→ Requirement
Could you set down the listing below exactly, leaving out its pictures?

Start of Raw data

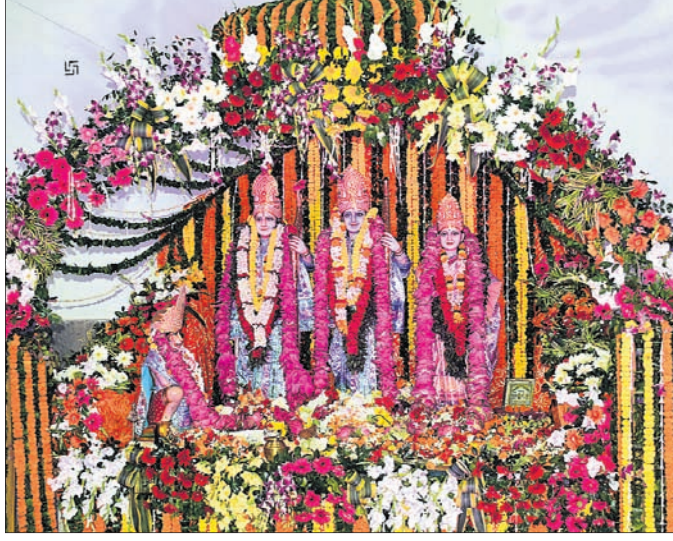
ଭୁବନେଶ୍ୱର ରାମ ମନ୍ଦିରରେ ରାମ, ଲକ୍ଷ୍ମଣ ଓ ସୀତାଙ୍କୁ ସଜଡ଼ କରାଯାଇଛି।

ଭୁବନେଶ୍ୱର, ୩୦/୩ (ବ୍ୟବହାର) ଉତ୍ସବ। ଏଥିପାଇଁ ଗୁରୁବାର ରାମ ପ୍ରଭୁ ଶ୍ରୀରାମଙ୍କ ସହ ଭକ୍ତଙ୍କୁ ନବମୀରେ ଉତ୍ସବମୁଖର ହୋଇ ନିକଟତର କରିଥାଏ ରାମନବମୀ ଉତ୍ସବରେ।
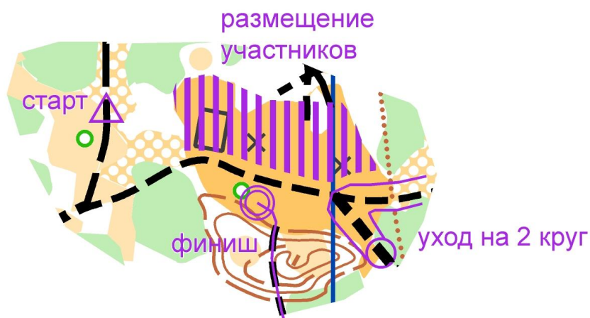
Схема арены соревнований:
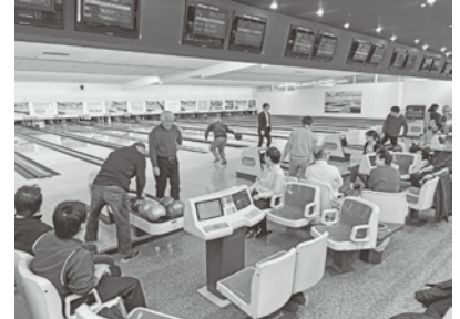
プレーを楽しみながら交流
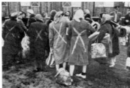
Holländskor från Ravensbrück i Padborg

Så fort Rödakorsdetachementet i Friedrichsruh fick besked om resultatet av förhandlingarna med Himmler påbörjades förberedelserna för att hämta kvinnorna i Ravensbrück.
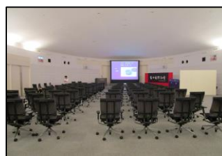
〈オークション会場〉
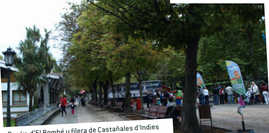
Paséu d'El Bombé y filera de Castañales d'Indies

El Xardín Botánicu de la Universidá d'Uviéu ocupó la zona al rodiu la fonte l'Anxelín ente los años 1846 y 1871, cuando la Casa Conceyu d'Uviéu lo axuntó al restu'l Campu
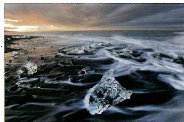
ヴァトナヨークトル国立公園[アイスランド]2018年
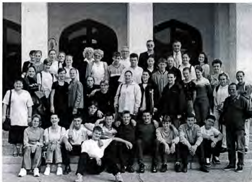
Članovi Društva u Monoštoru
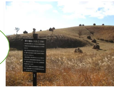
草小積みめの設置と草原文化PR
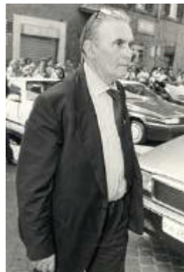
Lo scomparso Onorevole Pinuccio Tatarella, ideatore del sistema elettorale per le Regionali

modello tedesco alla realtà italiana. Ed è qui che nascono i problemi, dato che quasi ogni partito ha avanzato proposte in tal senso. Le più gettonate riguardano
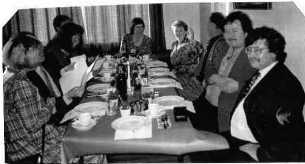
Det var alltid høy stemning under sesongavslutningene. Uten lyd yter ikke bildet stemingen full rettferdighet.
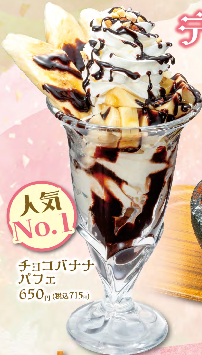
チョコバナナ パフェ 650円(税込715円)
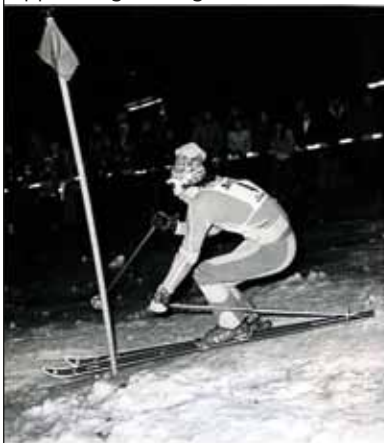
och den 3 januari 1975 var det rekordfart i backen när Ingemar Stenmark (bilden) tävlade utför mot Jean-Claude Killy. Redan 1994 stängdes skidbanläggningen på Högdalstoppen. Samtida bilder från Högdalstoppen kommer från Stockholmskällan.

Lite kul minnen från den tid då vi hade en skidlift på Högdalstoppen och Högdalens Slalomklubb. På 70-talet åkte bland annat Ingemar Stenmark och Jean Claude Killy en uppvisningstävling i backen.
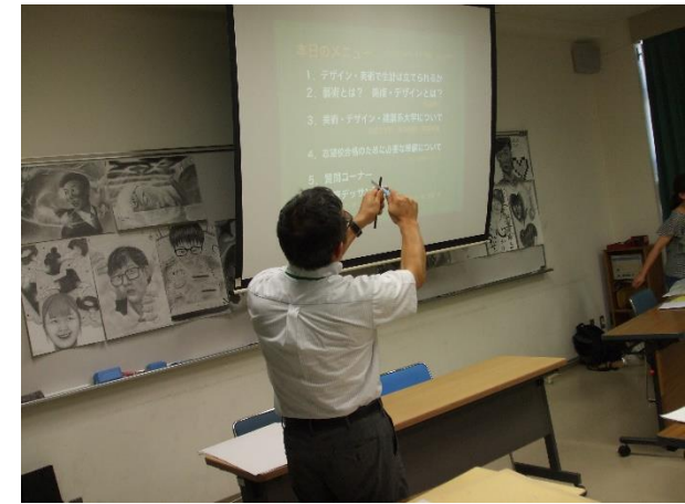
鉛筆の削り方実演
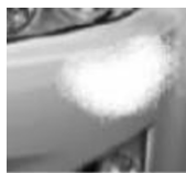
DETALLE 2 DEL DAÑO
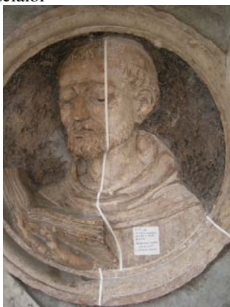
Prove di pulitura di un bassorilievo del portale cinquecentesco
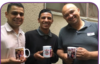
Mercure São Caetano do Sul
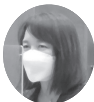
竹谷とし子 参議院議員
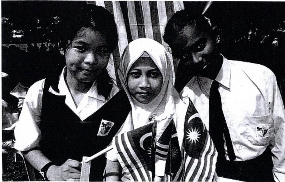
Bahasa kebangsaan menjadi bahasa pemersatu dalam usaha untuk memupuk perpaduan dalam kalangan murid berbilang bangsa.

Pelan Pembangunan Pendidikan ini juga digubal bagi menilai prestasi semasa sistem pendidikan negara

End of Raw data

→ Exercise result
ଭୁବନେଶ୍ୱର ରାମ ମନ୍ଦିରରେ ରାମ, ଲକ୍ଷ୍ମଣ ଓ ସୀତାଙ୍କୁ ସଜଡ଼ କରାଯାଇଛି।

ଭୁବନେଶ୍ୱର, ୩୦/୩ (ବ୍ୟବହାର) ଉତ୍ସବ। ଏଥିପାଇଁ ଗୁରୁବାର ରାମ ପ୍ରଭୁ ଶ୍ରୀରାମଙ୍କ ସହ ଭକ୍ତଙ୍କୁ ନବମୀରେ ଉତ୍ସବମୁଖର ହୋଇ ନିକଟତର କରିଥାଏ ରାମନବମୀ ଉତ୍ସବରେ।
Схема арены соревнований:
プレーを楽しみながら交流
Holländskor från Ravensbrück i Padborg

Så fort Rödakorsdetachementet i Friedrichsruh fick besked om resultatet av förhandlingarna med Himmler påbörjades förberedelserna för att hämta kvinnorna i Ravensbrück.
〈オークション会場〉
Paséu d'El Bombé y filera de Castañales d'Indies

El Xardín Botánicu de la Universidá d'Uviéu ocupó la zona al rodiu la fonte l'Anxelín ente los años 1846 y 1871, cuando la Casa Conceyu d'Uviéu lo axuntó al restu'l Campu
ヴァトナヨークトル国立公園[アイスランド]2018年
Članovi Društva u Monoštoru
草小積みめの設置と草原文化PR
Lo scomparso Onorevole Pinuccio Tatarella, ideatore del sistema elettorale per le Regionali

modello tedesco alla realtà italiana. Ed è qui che nascono i problemi, dato che quasi ogni partito ha avanzato proposte in tal senso. Le più gettonate riguardano
Det var alltid høy stemning under sesongavslutningene. Uten lyd yter ikke bildet stemingen full rettferdighet.
チョコバナナ パフェ 650円(税込715円)
och den 3 januari 1975 var det rekordfart i backen när Ingemar Stenmark (bilden) tävlade utför mot Jean-Claude Killy. Redan 1994 stängdes skidbanläggningen på Högdalstoppen. Samtida bilder från Högdalstoppen kommer från Stockholmskällan.

Lite kul minnen från den tid då vi hade en skidlift på Högdalstoppen och Högdalens Slalomklubb. På 70-talet åkte bland annat Ingemar Stenmark och Jean Claude Killy en uppvisningstävling i backen.
鉛筆の削り方実演
DETALLE 2 DEL DAÑO
Prove di pulitura di un bassorilievo del portale cinquecentesco
Mercure São Caetano do Sul
竹谷とし子 参議院議員
Bahasa kebangsaan menjadi bahasa pemersatu dalam usaha untuk memupuk perpaduan dalam kalangan murid berbilang bangsa.

Pelan Pembangunan Pendidikan ini juga digubal bagi menilai prestasi semasa sistem pendidikan negara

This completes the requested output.